Picked up what is new to me... an 05 23RS from Tom Johnson Camping center in Marion NC. on May11 Took it out for the maiden voyage the night after. Love it!!


----------



## Lady Di (Oct 28, 2005)

Welcome to the forum!









Congratulations on your 'new' camper!

Enjoy it! Maybe all the 'bugs' are worked out of it by now.


----------



## mollyp (Aug 10, 2005)

dominer,

Congratulations, welcome and enjoy your "new to you" Outback.

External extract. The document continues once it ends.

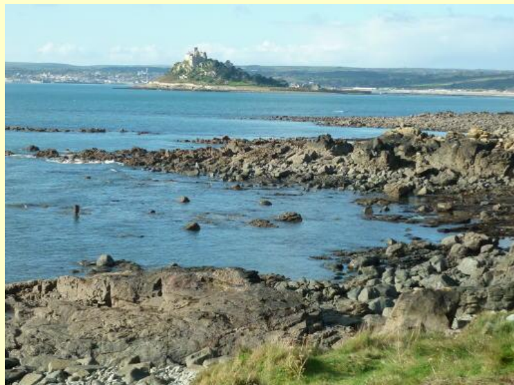
View of St Michaels Mount from the Coast path of Perranuthnoe.

Penwith Access and Rights of Way - this is a local community based organisation working with a wide range of partners including the West Cornwall Local Action Group and Cornwall Council to improve access to the countryside for both local people and visitors, with a particular interest in access to Penwith's diverse collection of Ancient and Historic Sites. It also aims to help encourage tourism for the benefit of local businesses and to offer people the opportunity to carry out practical conservation tasks.

Check out the rally map, find a rally and join the fun.

Happy camping!


----------



## Scrib (Jun 28, 2005)

Congratulations!


----------



## hpapa4 (Apr 11, 2007)

Congratulations on the Outback. Enjoy!


----------



## mswalt (Sep 14, 2004)

dominer,

Congrats on your new tt!

Enjoy.

Mark


----------



## HootBob (Apr 26, 2004)

Welcome dominer to the Outback Family
Congrats on the 23RS nice model

Don


----------



## wolfwood (Sep 19, 2005)

Congrats on the new arrival & welcome to the Clan!!!!!!


----------



## Drac (Apr 26, 2007)

Congrats, we took ours out on her maiden voyage last week, had a great time. You'll love yours as much as we love ours I'm sure. It's a great TT.


----------



## dominer (May 20, 2007)

I must say, everybody here is so friendly... this is going to be a great place to "hang out"


----------



## Five Outbackers (Dec 27, 2006)

*Welcome & Congrats
 dominer from one newbie to another On your new outback...You will find this site great

Ken
*


----------



## skippershe (May 22, 2006)

Hi dominer
















Outbackers!! 

AND Congrats on your new (to you) 23rs! 

Glad you joined us








Enjoy and Happy Camping,


----------



## Moosegut (Sep 24, 2005)

Congratulations and welcome aboard.







You're gonna love it. Enjoy.

Scott


----------